Some choice comments:




1UP: Since you put a lot work into making DOA Ultimate playable online, are you going to put the same sort of features into DOAX2?


TI: Technologically it's possible. The question is how many people are going to want to play each other over Xbox Live. The first DOAX was very much a solo type experience and so the person could play by themselves for a very long time. The current plan is for it to support Xbox Live, and to link with the House system of Dead or Alive 4. Don't you think it would be fun if you were playing DOA4 in the House and on the TV they were showing stuff from DOAX2?


On Ninja Gaiden 2


TI: So the ability to run on water -- that in itself is an excellent gameplay mechanic. But in an early version of Ninja Gaiden, you were forced to run across the water to proceed at an early stage. And there was no way for the player to learn how to do that. The game didn't tell them what to do or how to do it. And so eventually it was made that it's only purpose was to get one item in one area. Ideally, if you have a system that's that good, as running on water was, then it should be used throughout the game. And you should make it so it's possible to have battles while doing that. So it's only natural that you should imagine that there should be battles on the water, if that feature isn't clear. But the level designers had made it that you use that technique only to go and get a key, to open a door and proceed. But most of the people who played the game couldn't figure it out. It's on the second stage. So that's nonsense. So I got rid of that item that was necessary to proceed. What that meant is that in the final run the people playing the game would be able to proceed without ever having to know that water-running existed.

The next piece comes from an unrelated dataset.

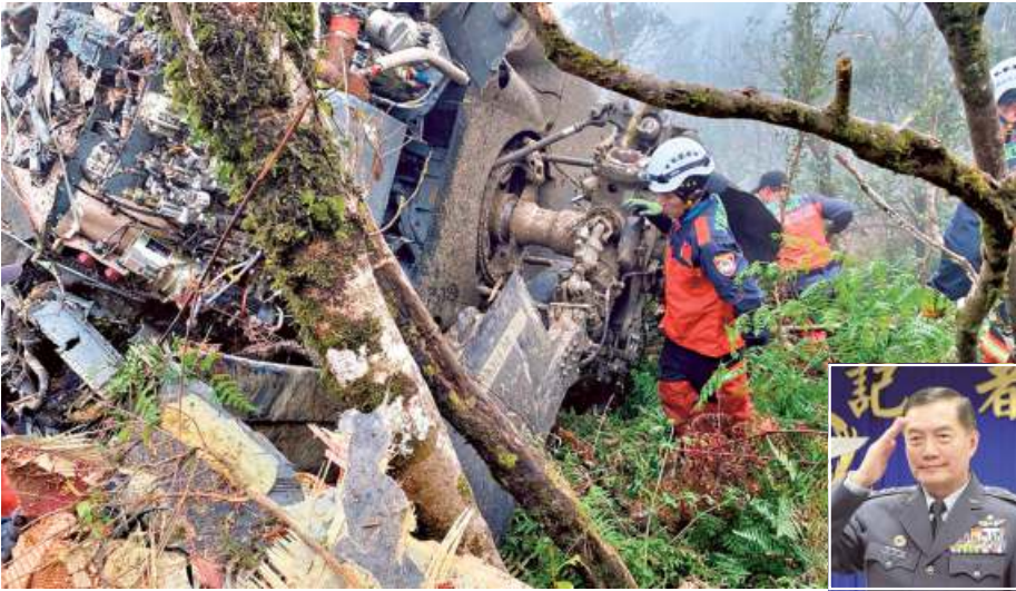
Major loss: A rescue team searching for missing military officers after the helicopter crashed near Taipei on January 2. Air Force General Shen Yi-ming, inset, died in the crash.

Five survive The reasons for the crash, in the wake of a forced landing, were unknown, the military said in a statement, adding that the chief of general staff, Air Force General Shen Yi-ming, had died, while five of the 13 aboard survived. Gen. Shen, who took up his post in July, was Taiwan’s highest-ranking general to die in the line of duty, President Tsai Ing-wen said, adding that she had asked the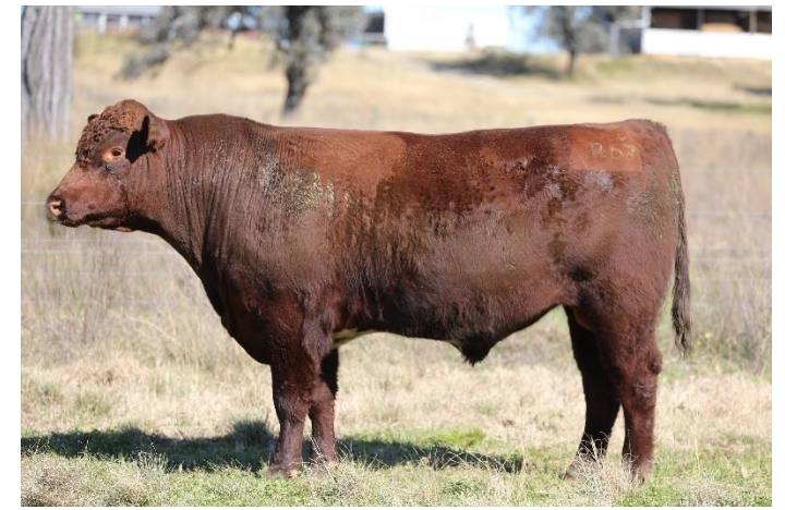
Lot 22 - PGCR67

1UP: Since the DOA series has multiple ninjas, it's been suggested that Ninja Gaiden 2 might have a different lead character than Ryu Hayabusa. Would you care to confirm or dispel those rumors?


TI: We're right in the middle of writing the plot and the scenarios of Ninja Gaiden 2 and deciding what we want to do. Obviously Ryu Hayabusa will be the main character.


1UP: I think that's the first time I've heard confirmation of that.


TI: I've already heard two pitches for the plot. There've got to be three to five more that are being written as we speak.


1UP: Do any of them involve the return of Rachel?


TI: The chances of that happening are extremely low. The story of Ninja Gaiden 2 is something I've been discussing with two of my right-hand men. The three of us have been gathering together with drinks, and that's a possibility, but it's looking like we're going in a direction where Rachel doesn't make an appearance.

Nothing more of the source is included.